大宮 中山道まつり:氷川神社例大祭

埼玉県は「見るところのない県」だと言われる。なにしろ関東平野のど真ん中、東京の北側全体にわたり境を接する位置にあり、西部を除き起伏のほとんどない平坦な土地柄である。それゆえベッドタウンとしての価値、が突出し、およそ独自の面白みというものを持たない。とりわけ大宮は、北日本へ向かう新幹線の分岐点であり13もの路線を抱える巨大駅を持ちながら、駅周辺の僅かな範囲以外にはほとんど人が向かわない、単なる通過地点なのだ。
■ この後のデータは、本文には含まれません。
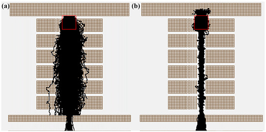 Ion trajectories of 100 Th ions with (a) RF on and (b) RF off (The red box represents the location of ions generation).
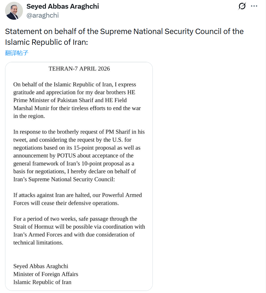 伊朗最高国家安全委员会宣布:接受巴基斯坦提议,停火两周。特朗普紧跟着在社交媒体上发文:同意暂停轰炸。至于以色列,虽然满脸不情愿,但也只能咬牙点了头。
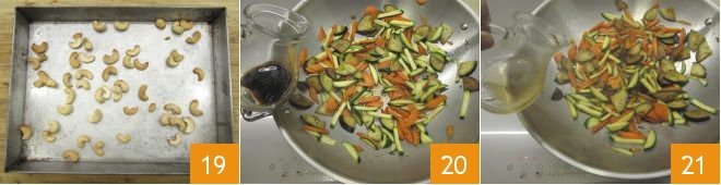At this point, the cashews will be toasted, so remove them from the oven and set aside 19. After 5 minutes, pour the remaining soy sauce 20 and the remaining water 21 into the wok.
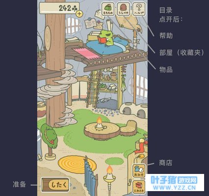 花园:回到花园 帮助:一些基本用不到的设定项 部屋(收藏夹):观看蛙旅行带回来的物品和照片 准备:帮蛙准备旅行用品的地方(重要!) 物品:查看已经获得的物品的地方 准备旅行用品
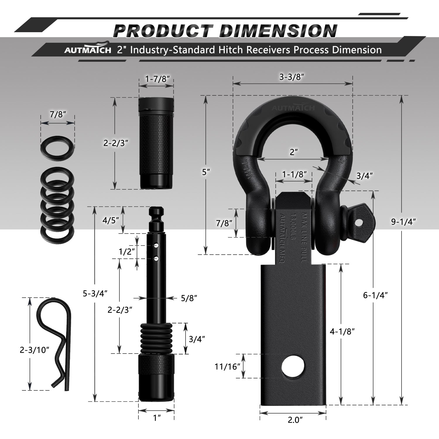 - Fitted Suite: 2" Shackle Hitch Receiver, Anti-Theft 5/8" Trailer Hitch Lock Pin, 3/4" D-ring Shackle with Shackle Isolator & 4Pcs Washers kits, Protect The Bumper From Scratches and Prevent Rattling and Stolen
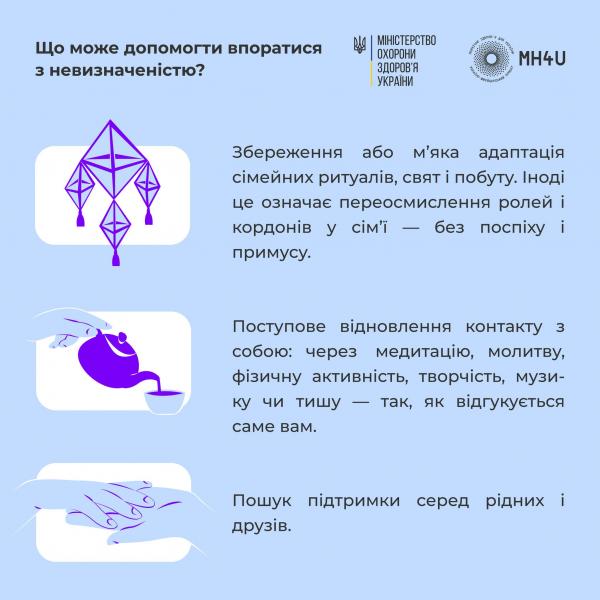 - Дбати про себе щодня: сон, збалансоване харчування, фізична активність, невеликі радощі та моменти відпочинку.
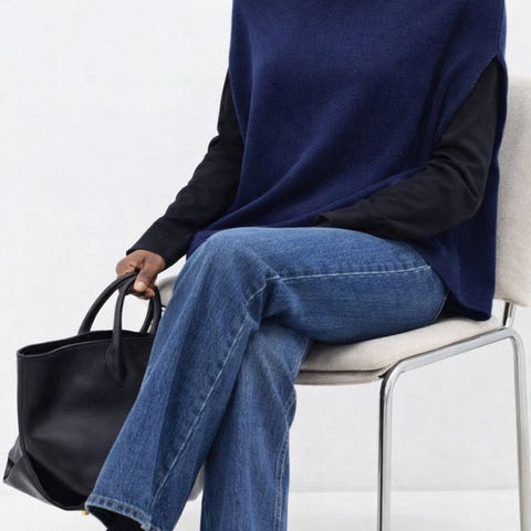 Den har ingen tradisjonelle ermer – ponchoen kan brukes over en langermet topp f.eks. i samme farge som gir et lag-på-lag-uttrykk. Evnt en kontrast-farge.
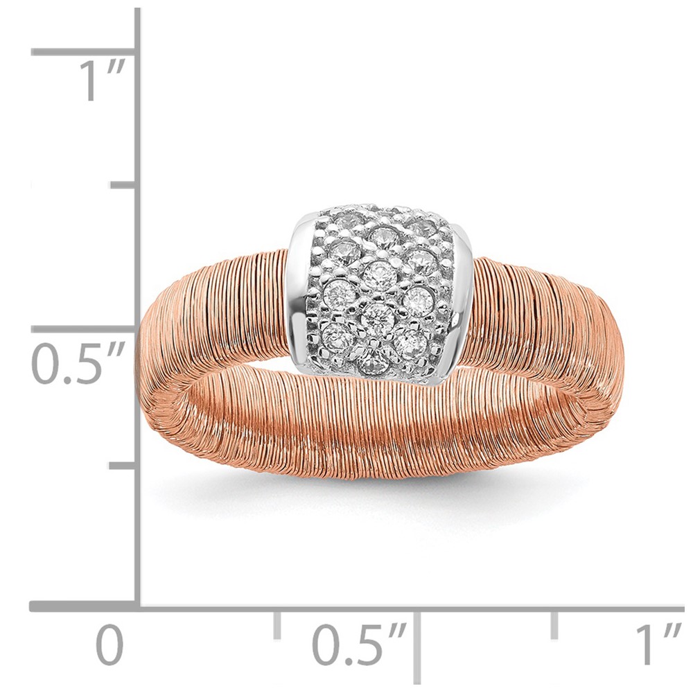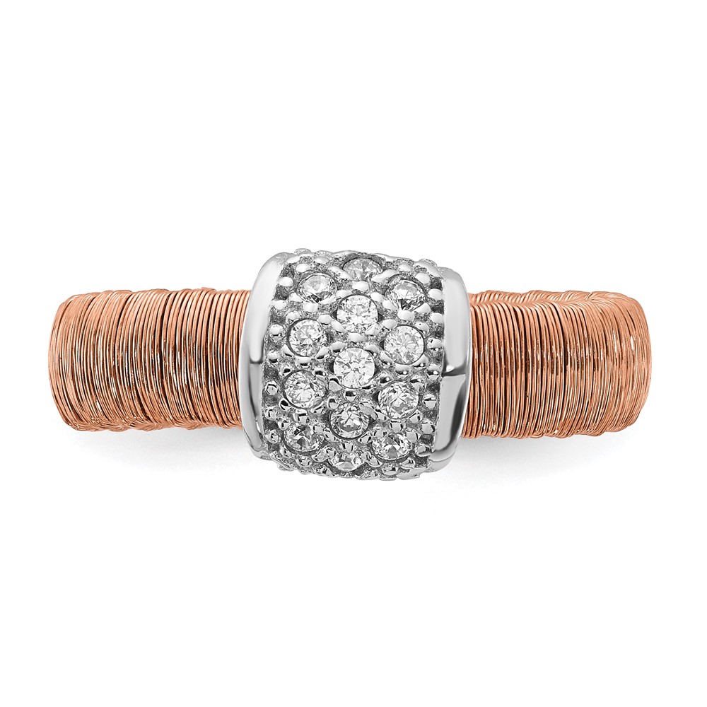 Sterling Silver Rose-tone Wire Wrapped CZ Ring
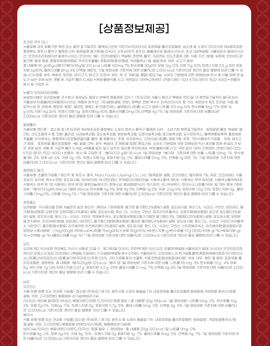 | 영양성분 | 상품상세 참조_구매 시 상품정보고시안내문 동봉 |
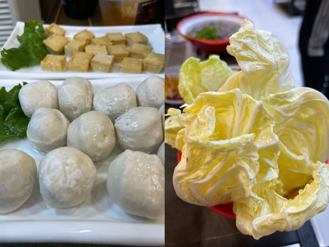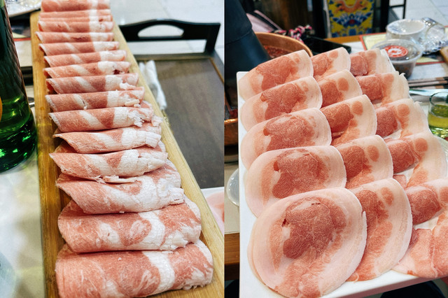 点了两盆肉,分别是科尔沁羔羊卷和手卷五花肉。我看隔壁的几桌几乎也是点这两种肉的,应该是必点的。再来1个酸菜1个大白菜;一份招牌的爆肚;招牌的爆汁牛丸和一份特价3元的鱼豆腐。

しかしそんな埼玉県が、かつて重要な地であった時代もあった──1500年かそこら昔の話だが、当時最新の軍事技術である鉄剣に最新の文化知識である漢字を刻み、金で象嵌した国宝・金錯銘鉄剣が出土したこともある。
その時代に作られた神社が、大宮の地にある。関東にのみ広がる氷川信仰の総本山であり、この神社の存在こそが大宮という地名の由来である。縁起によれば存在の疑われる先史八代天皇の時代に作られたものといわれるが、その真偽の程はさておき我が国の文字文化よりも古い時代のものであることは間違いない。
そういう由緒正しい大社の例大祭が行なわれたので、撮りに行ってみた。
といっても神事が執り行われるのは平日の日中なので、撮ったのは夕方の山車と神輿の行列だ。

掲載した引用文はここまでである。